Everything not a primitive type is passed by reference.
When i started learning function in C++ its all around pass by value and reference.
Is there something similar we have in javascript ?
If yes/not how it works in case of javascript?
Thanks all.
Other answers to this question are correct - all variables are passed by value in JavaScript, and sometimes that value points to an object.
When a programming language supports passing by reference, it's possible to change where the variable points from inside a function. This is never possible in JavaScript.

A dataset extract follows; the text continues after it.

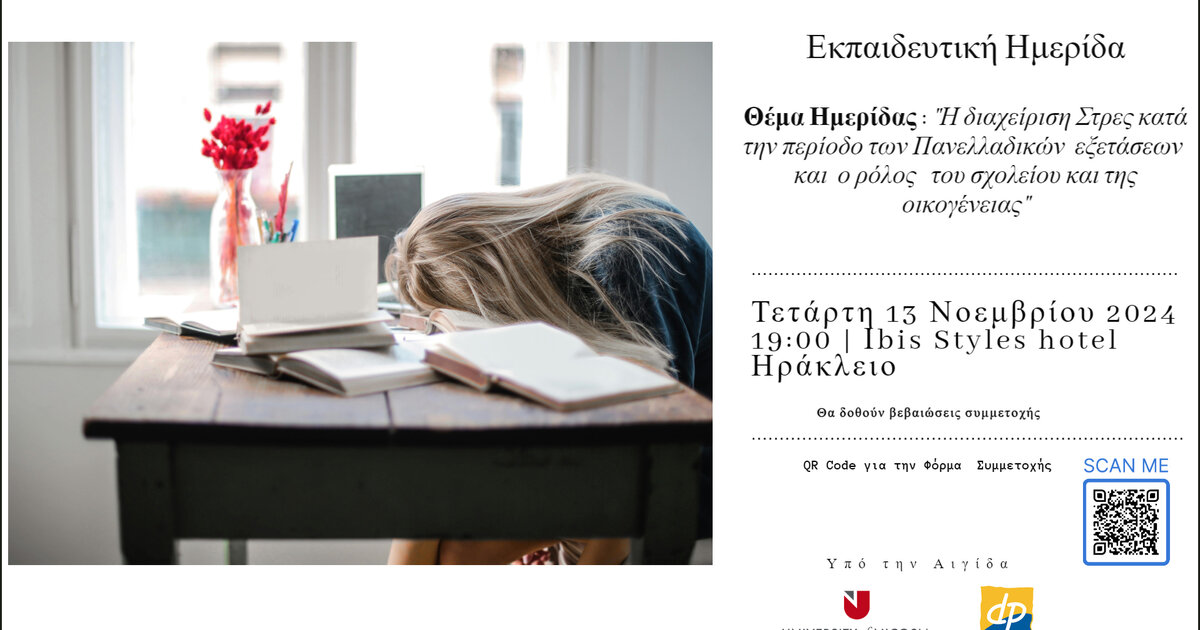 Το Πανεπιστήμιο Λευκωσίας και ο Εκπαιδευτικός Όμιλος dp studies σας προσκαλούν στην εκπαιδευτική ημερίδα με θέμα «Η Διαχείριση Στρες κατά την Περίοδο των Πανελλαδικών Εξετάσεων και ο Ρόλος του Σχολείου και της Οικογένειας», η οποία θα πραγματοποιηθεί την Τετάρτη, 13 Νοεμβρίου 2024, στις 19:00, στο Ibis Styles Hotel Ηράκλειο.

For example, consider this code which attempts to reassign the passed variable to a new value:
function changeCaller( x ) {
x = "bar"; // Ha ha!
}
function testChangeCaller() {
var x = "foo";
changeCaller(x);
alert(x); // still "foo"
}
testChangeCaller();
Attempts to point variables at new objects fails in the same way the above example fails to reassign a primitive string:
function changeCaller( x ) {
x = new Object(); // no longer pointing to the same object
x.a = "bar";
}
function testChangeCaller() {
var x = new Object();
x.a = "foo";
changeCaller(x);
alert(x.a); // still "foo"
}
testChangeCaller();
The feature which leads people to believe they're dealing with a pass-by-reference scenario is when modifying objects. You can make changes to an object or array, because the local variable points to the same object:
function changeCaller( x ) {
x.a = "bar";
}
function testChangeCaller() {
var x = new Object();
x.a = "foo";
changeCaller(x);
alert(x.a); // now "bar", since changeCaller worked on the same object
}
testChangeCaller();
Hope this helps!
JavaScript is always pass by value, never pass by reference. A lot of people confuse this because of the way objects work.
There is no "pass by reference" for any variable in JavaScript (no, not even if an object is assigned to that variable). All variables and arguments are assigned by value. If the assigned value is an object, then the value of the new variable is a reference to that object, but assigning a new value/object to the new variable will not affect the original variable.
Some people term this behaviour passing "value by reference".
A comparison - PHP
$foo = "foo";
$bar = &$foo; // assign by reference
$bar = "bar";
echo $foo; // -> output: "bar"
JavaScript
foo = {"foo": true};
bar = foo; // assign value by reference
bar = {"bar": true};
alert(JSON.stringify(foo)); // -> output: '{"foo": true}
Regard the discussion, the considerations about "value" and "reference" are wrong on the exception of the Pointy comment.
Javascript like other reference laguages like c# or java, don't pass a referece to the variable itself to the method, but the reference of the object referenced by the variable.
What the people here is expecting, is passing a pointer to the variable which is referencing the object, pass by pointer is not the same as pass by reference, and sure is not the same as pass by value.
The behavior expected here is pass by pointer.
Pass by reference sends the reference to the object.
Pass by value copy the object stored in the variable and pass the copy
to the method.
The pass by value, pass by reference discussion is an evil meme. This evil meme crops up in Java discussions too.
It's simple: The bit pattern of the value is copied to the parameter. It doesn't matter if the bit pattern is an int or if it's the address of an object -- it's just copied, bit by bit, into the parameter. It couldn't be simpler. The run-time isn't doing something special for primitives versus references. It simply, and always, just makes a copy of the value.
The computer science term for this is "pass by value."
Pass by reference just isn't used in programming any more. In older languages, like Pascal, you could code a function to directly alter the value in the calling routine. So, for example, an int variable in the calling routine could be altered in the called function.
Primitive values are passed via value and objects are passed via reference.
Strings are immutable, so they are passed via reference although they are considered as primitive type.